Student Speaker

Speech by Andrew David Newman

Ph.D. in Anthropology, representing the graduates

Good morning members of the platform party and fellow graduates! This is a proud day for us, our families and friends, our advisers, and the Graduate Center as a whole. Each one of us has completed a great undertaking, and now is the moment to savor our accomplishment.

I’m humbled to be the student speaker today. I’m in awe of the diversity and variety of minds and talents gathered here in fields ranging from biochemistry to theatre. But I have to admit, I wonder sometimes: what is it that we, across the arts and sciences and everything in between, have in common, other than years of practice debating the lunch options in midtown Manhattan?

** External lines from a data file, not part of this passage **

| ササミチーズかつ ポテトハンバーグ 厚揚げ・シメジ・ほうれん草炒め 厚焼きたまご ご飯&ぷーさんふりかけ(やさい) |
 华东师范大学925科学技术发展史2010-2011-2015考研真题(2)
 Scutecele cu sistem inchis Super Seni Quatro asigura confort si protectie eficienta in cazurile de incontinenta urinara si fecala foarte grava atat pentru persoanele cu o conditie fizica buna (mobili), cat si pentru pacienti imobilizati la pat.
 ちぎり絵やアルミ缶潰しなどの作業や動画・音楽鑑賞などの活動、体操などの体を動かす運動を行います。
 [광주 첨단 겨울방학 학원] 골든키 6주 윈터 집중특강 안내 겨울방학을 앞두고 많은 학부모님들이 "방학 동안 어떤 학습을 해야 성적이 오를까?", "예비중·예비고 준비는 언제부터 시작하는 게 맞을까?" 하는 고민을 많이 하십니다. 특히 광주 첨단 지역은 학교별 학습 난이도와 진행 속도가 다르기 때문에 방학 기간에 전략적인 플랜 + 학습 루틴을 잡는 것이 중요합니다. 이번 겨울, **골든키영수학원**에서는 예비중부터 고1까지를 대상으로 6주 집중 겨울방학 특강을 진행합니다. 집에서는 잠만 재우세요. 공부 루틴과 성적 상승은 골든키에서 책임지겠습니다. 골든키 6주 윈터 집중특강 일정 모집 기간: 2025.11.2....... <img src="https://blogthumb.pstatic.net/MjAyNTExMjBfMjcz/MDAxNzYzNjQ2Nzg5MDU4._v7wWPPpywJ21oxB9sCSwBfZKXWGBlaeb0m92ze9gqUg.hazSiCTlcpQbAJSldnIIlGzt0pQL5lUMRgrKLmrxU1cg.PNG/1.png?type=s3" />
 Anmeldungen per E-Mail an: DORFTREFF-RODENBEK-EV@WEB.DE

I think there might be at least two important things that make being a Graduate Center student a unique and shared experience. First, there is our involvement in nearly every part of the CUNY system. More than anyone else in the university, Graduate Center students (as part of our training) traverse the full spectrum of higher education because CUNY’s unique mission encompasses everything from advanced research to remedial undergraduate courses and even college prep in the city’s public high schools. In other words, a Graduate Center student in biology might shuttle between a lab at City College (where they conduct their own research while helping undergraduates learn lab skills), to a teaching position in Hostos Community College where they help students with basic study skills (sometimes, all in the same day). So, even though our graduate training makes us experts, we should not delude ourselves into thinking that we are somehow aloof or different. Indeed we keep our own training relevant only insofar as we contribute to the education of others, directly or indirectly.

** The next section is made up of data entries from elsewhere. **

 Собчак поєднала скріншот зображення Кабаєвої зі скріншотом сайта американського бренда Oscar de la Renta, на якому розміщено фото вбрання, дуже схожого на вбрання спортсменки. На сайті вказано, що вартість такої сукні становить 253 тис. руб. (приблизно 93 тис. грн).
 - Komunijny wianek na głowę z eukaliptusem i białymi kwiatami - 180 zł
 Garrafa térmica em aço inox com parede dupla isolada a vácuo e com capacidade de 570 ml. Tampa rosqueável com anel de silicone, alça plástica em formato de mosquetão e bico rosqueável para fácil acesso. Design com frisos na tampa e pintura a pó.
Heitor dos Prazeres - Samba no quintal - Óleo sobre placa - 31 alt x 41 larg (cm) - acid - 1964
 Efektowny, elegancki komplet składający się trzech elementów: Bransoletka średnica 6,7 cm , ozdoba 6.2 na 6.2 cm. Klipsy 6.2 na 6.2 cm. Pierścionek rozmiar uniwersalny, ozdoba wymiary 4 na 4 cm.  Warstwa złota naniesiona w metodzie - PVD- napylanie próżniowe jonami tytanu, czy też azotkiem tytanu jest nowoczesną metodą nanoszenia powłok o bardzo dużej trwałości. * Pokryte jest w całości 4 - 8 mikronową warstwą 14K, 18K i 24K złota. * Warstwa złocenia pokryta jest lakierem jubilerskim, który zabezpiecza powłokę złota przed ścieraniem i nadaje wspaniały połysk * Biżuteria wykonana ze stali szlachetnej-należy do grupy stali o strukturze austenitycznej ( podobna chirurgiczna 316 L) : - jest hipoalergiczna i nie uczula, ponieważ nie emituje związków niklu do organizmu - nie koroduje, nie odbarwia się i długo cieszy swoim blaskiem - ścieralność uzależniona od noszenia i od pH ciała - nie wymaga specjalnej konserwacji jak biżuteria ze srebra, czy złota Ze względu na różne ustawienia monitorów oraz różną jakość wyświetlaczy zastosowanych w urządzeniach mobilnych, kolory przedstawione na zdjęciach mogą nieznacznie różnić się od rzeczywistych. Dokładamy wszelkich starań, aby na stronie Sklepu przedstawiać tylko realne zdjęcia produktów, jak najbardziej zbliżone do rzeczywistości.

The second point of common ground is that, in working across CUNY, we don’t just traverse the halls of the various campuses; we inhabit the neighborhoods and boroughs of a city that is a great center of global confluences, a conductor of energy from people and cultures around the world. While all of the universities in New York feed from and contribute to this dynamism, CUNY is alone in the degree to which it engages with the often underappreciated cosmopolitanism of the outer boroughs, and the city’s complicated patchwork of working-class, immigrant neighborhoods that make it one of the great global cities of our era. It is this “total” New York that CUNY traverses, encompasses, feeds from, and fosters.

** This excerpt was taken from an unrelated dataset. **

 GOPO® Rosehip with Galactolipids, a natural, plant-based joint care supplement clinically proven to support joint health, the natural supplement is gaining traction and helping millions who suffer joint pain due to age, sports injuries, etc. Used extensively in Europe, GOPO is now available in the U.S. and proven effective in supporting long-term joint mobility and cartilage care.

Many of us will stay in New York, and wherever we choose to work, we should always remember this experience as a unique part of our training that can be had nowhere else, and that makes us qualified to contribute to New York City like no one else. But for those of us who leave, this experience is just as important. By remembering this aspect of our CUNY training, we can take this experience—this piece of New York’s dynamism—with us wherever we go, making it a part of whatever type of artistic, scholarly, or scientific contribution we make. So, whatever our training or discipline is, it is this intellectual, cultural, and creative relationship with the city that bonds us together as alumni from this point forward. Thank you and congratulations!